TASK TO CARRY OUT -> Please repeat each line below exactly, with no images in the copy.

DATASET EXTRACT ->

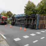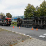 Aanhanger vrachtwagen belandt op zijkant Nederweert
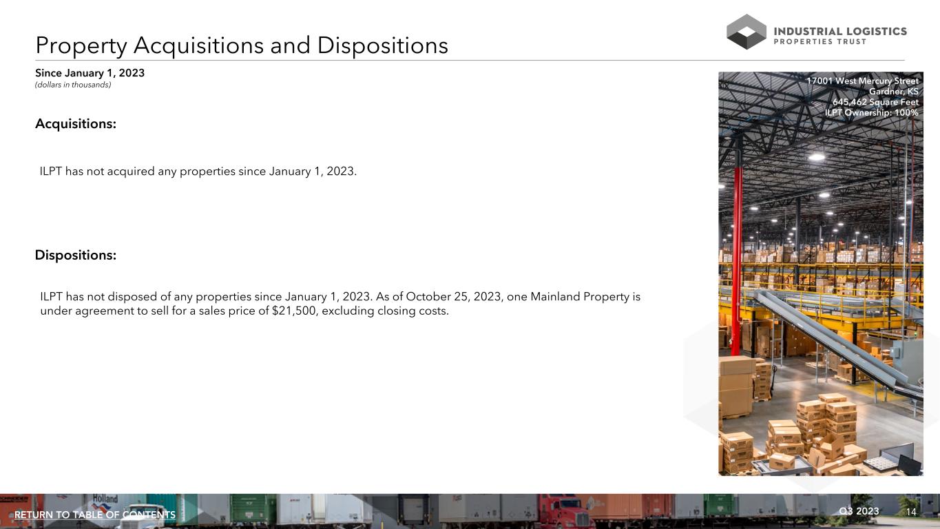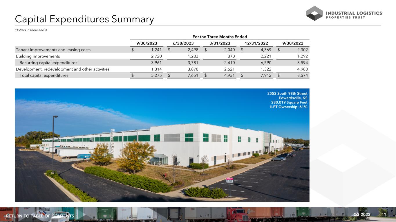 13Q3 2023RETURN TO TABLE OF CONTENTS (dollars in thousands) For the Three Months Ended 9/30/2023 6/30/2023 3/31/2023 12/31/2022 9/30/2022 Tenant improvements and leasing costs $ 1,241 $ 2,498 $ 2,040 $ 4,369 $ 2,302 Building improvements 2,720 1,283 370 2,221 1,292 Recurring capital expenditures 3,961 3,781 2,410 6,590 3,594 Development, redevelopment and other activities 1,314 3,870 2,521 1,322 4,980 Total capital expenditures $ 5,275 $ 7,651 $ 4,931 $ 7,912 $ 8,574 Capital Expenditures Summary 2552 South 98th Street Edwardsville, KS 280,019 Square Feet ILPT Ownership: 61%
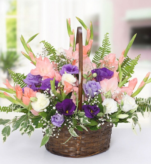 Sepet içinde karışık renkli çiçeklerle hazırlanmıştır.
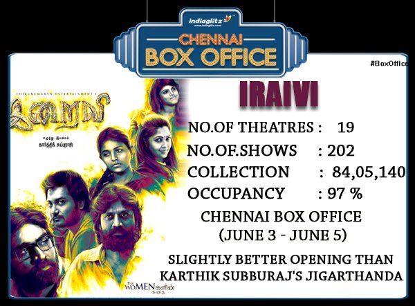 #Iraivi grosses close to 6 CR in TN after the opening weekend.. @karthiksubbaraj @StudioGreen2

WRITTEN SOLUTION ->
 Aanhanger vrachtwagen belandt op zijkant Nederweert
 13Q3 2023RETURN TO TABLE OF CONTENTS (dollars in thousands) For the Three Months Ended 9/30/2023 6/30/2023 3/31/2023 12/31/2022 9/30/2022 Tenant improvements and leasing costs $ 1,241 $ 2,498 $ 2,040 $ 4,369 $ 2,302 Building improvements 2,720 1,283 370 2,221 1,292 Recurring capital expenditures 3,961 3,781 2,410 6,590 3,594 Development, redevelopment and other activities 1,314 3,870 2,521 1,322 4,980 Total capital expenditures $ 5,275 $ 7,651 $ 4,931 $ 7,912 $ 8,574 Capital Expenditures Summary 2552 South 98th Street Edwardsville, KS 280,019 Square Feet ILPT Ownership: 61%
 Sepet içinde karışık renkli çiçeklerle hazırlanmıştır.
 #Iraivi grosses close to 6 CR in TN after the opening weekend.. @karthiksubbaraj @StudioGreen2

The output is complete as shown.